Detailed Description
For the purpose of making apparent the objects, technical solutions and advantages of the present invention, the present invention will be further described in detail with reference to the following examples and the accompanying drawings, wherein the exemplary embodiments of the present invention and the descriptions thereof are for illustrating the present invention only and are not to be construed as limiting the present invention.
It is noted that the terms "comprises" or "comprising" when utilized in various embodiments of the present application are indicative of the existence of, and do not limit the addition of, one or more functions, operations or elements of the subject application. Furthermore, as used in various embodiments of the present application, the terms "comprises," "comprising," and their cognate terms are intended to refer to a particular feature, number, step, operation, element, component, or combination of the foregoing, and should not be interpreted as first excluding the existence of or increasing likelihood of one or more other features, numbers, steps, operations, elements, components, or combinations of the foregoing.

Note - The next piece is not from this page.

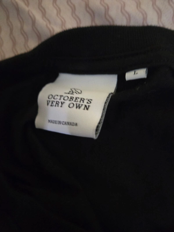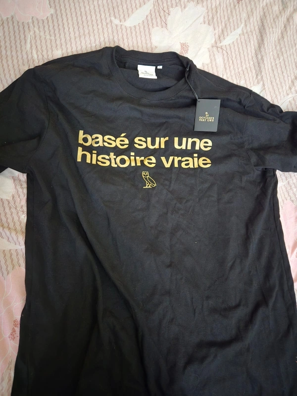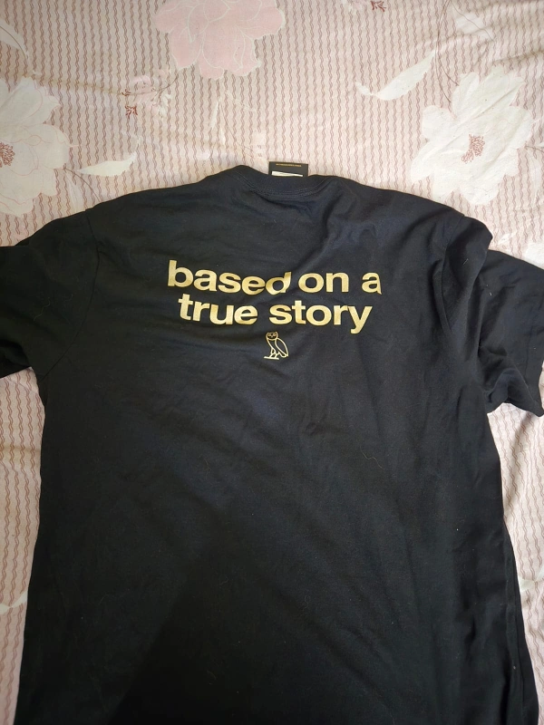 Selling an October's Very Own (OVO) short-sleeved t-shirt in black with gold lettering. The shirt is size large and features the phrase "based on a true story" in English and French. Originally bought for $58.00

It should be appreciated that terms such as "first," "second," and the like, are used for descriptive purposes only and are not to be construed as indicating or implying relative importance or implicitly indicating the number of technical features indicated. Thus, a feature defining "a first" or "a second" may explicitly or implicitly include one or more such feature. In the description of the present invention, the meaning of "a plurality" is two or more, unless explicitly defined otherwise.
For non-printed fonts, such as Dan Paifang stele characters, which are produced by craftsmen engraving in multiple years, unlike the stable physical environment of indoor scenes, the character areas can produce self-similarity of blocks under the influence of rain chemicals, climbing cover plant secretions and the like, which necessarily results in failure of numerous algorithms for directly applying text extraction for printed fonts. Meanwhile, for natural stone, the whole background area before and after the character carving has more complex self-similar repeated texture characteristics, so that the carving trace under the effect of weathering effect is more difficult to extract, more physical rubbing is adopted in the prior art, the time consumption is huge, and the stroke detail deviation phenomenon still exists in rubbing text.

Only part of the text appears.